**PROBLEM**
Within the records below, find the line with "Dimitris Kritsas, a" and the line with "Dit model van", then reproduce exactly those two lines and all lines between them, without any picture.

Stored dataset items
▬▬▬▬▬▬

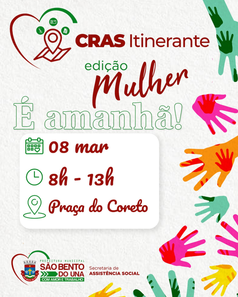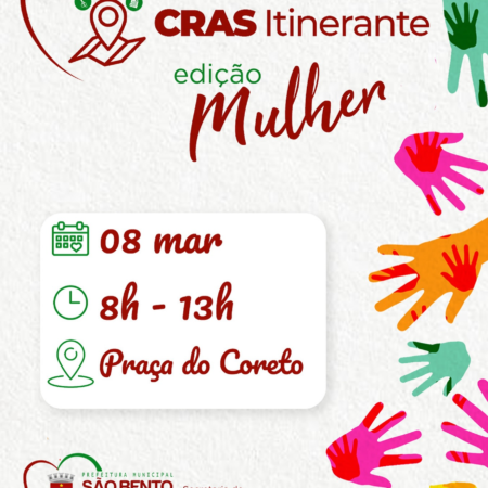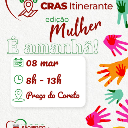 Em celebração ao “Dia Internacional da Mulher”, a Prefeitura de São Bento do Una, através da Secretaria Municipal de Assistência Social, promoverá o “CRAS ITINERANTE EDIÇÃO MULHER”. O evento será realizado na próxima SEXTA-FEIRA, DIA 08 DE MARÇO, das 8h […]
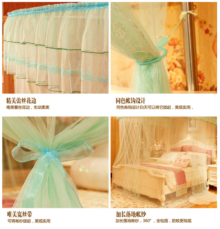 (总)伊而梦蚊帐 2025新款三开门刺绣花边T型A类母婴级加高坐床款蚊帐升级版围栏款防摔支架903款全底款床笠款,903 海岛蓝,903 月影灰,903 玫瑰粉,903 奶油黄,903 优雅绿
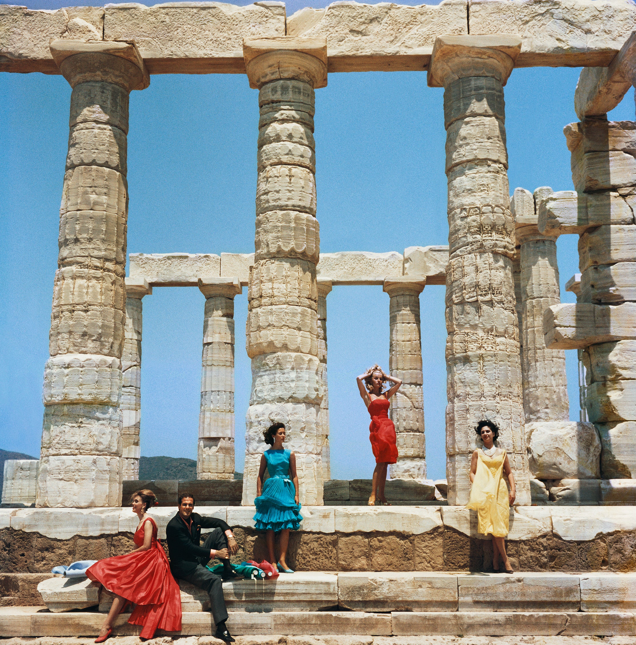 Dimitris Kritsas, a fashionable young couturier, poses among the gleaming Doric columns of the temple to Poseidon at Sounion, 1961. (Photo by Slim Aarons/Getty Images)
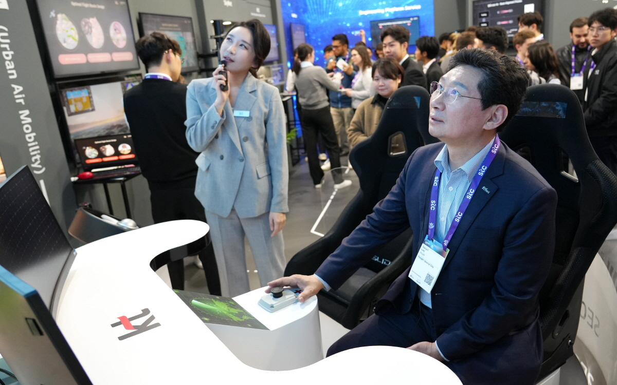 KT관과 SK텔레콤관에서는 양사가 2025년 상용화할 계획인 도심항공교통(UAM)에 대한 설명을 듣고 시뮬레이션을 보거나 가상 체험을 하기도 했다.
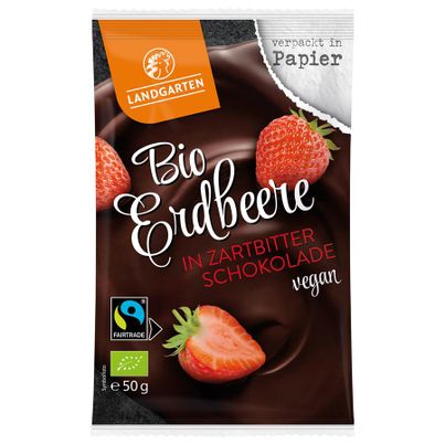Mit den zartbitteren Erdbeeren von LANDGARTEN tauchst du in ein unvergleichliches Geschmackserlebnis ein. Die Kombination aus gefriergetrockneten Erdbeeren und hochwertiger Fairtrade Zartbitter-Schokolade sorgt für eine fruchtig-schokoladige Verwöhnung, die nicht nur vegan, sondern auch ohne Gentechnik hergestellt ist. Die intensiven Aromen der Erdbeeren harmonieren perfekt mit der 90%-igen Zartbitterschokolade und bieten dir ein unverwechselbares Snackvergnügen.
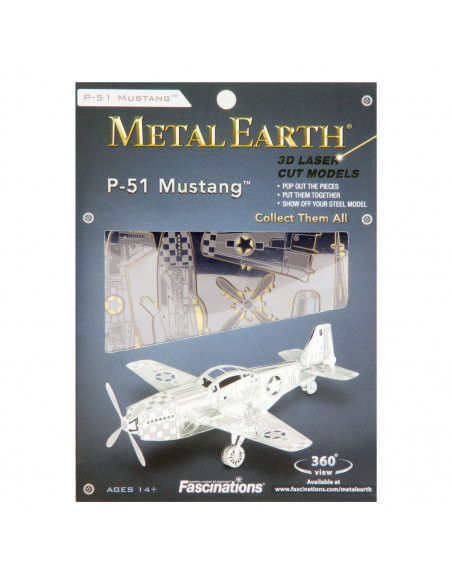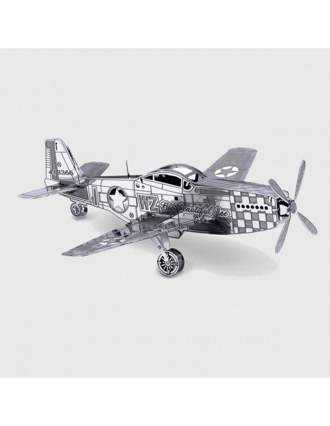 Dit model van het Mustang P-51 jachtvliegtuig bestaat uit één metalen vel met onderdeeltjes en een gedetailleerde bouwtekening.
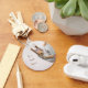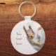 Closeup front view of a squirel on a tree trunk, looking straight at you. Funny and curious animal. Squirrel symbolises practicality, the necessity to make pleriminary provisions. Keychain. You can change or delete the image and the template text.
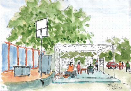 Este es el cuarto boceto que hice en el Evento de Artista de Fin de Semana # 514 de Chennai celebrado en el Templo Marundeeswarar hace unos diez días. Mi boceto es de tamaño A4 y es un boceto a tinta. La mayoría de mis compañeros de dibujo eligieron dibujar templos y terrenos de templos. Pero después de hacerlo varias veces en el pasado, elegí pintar las actividades y escenas de las calles que rodean el templo.

▬▬▬▬▬▬

**ANSWER FOR THIS EXERCISE**
 Dimitris Kritsas, a fashionable young couturier, poses among the gleaming Doric columns of the temple to Poseidon at Sounion, 1961. (Photo by Slim Aarons/Getty Images)
 KT관과 SK텔레콤관에서는 양사가 2025년 상용화할 계획인 도심항공교통(UAM)에 대한 설명을 듣고 시뮬레이션을 보거나 가상 체험을 하기도 했다.
Mit den zartbitteren Erdbeeren von LANDGARTEN tauchst du in ein unvergleichliches Geschmackserlebnis ein. Die Kombination aus gefriergetrockneten Erdbeeren und hochwertiger Fairtrade Zartbitter-Schokolade sorgt für eine fruchtig-schokoladige Verwöhnung, die nicht nur vegan, sondern auch ohne Gentechnik hergestellt ist. Die intensiven Aromen der Erdbeeren harmonieren perfekt mit der 90%-igen Zartbitterschokolade und bieten dir ein unverwechselbares Snackvergnügen.
 Dit model van het Mustang P-51 jachtvliegtuig bestaat uit één metalen vel met onderdeeltjes en een gedetailleerde bouwtekening.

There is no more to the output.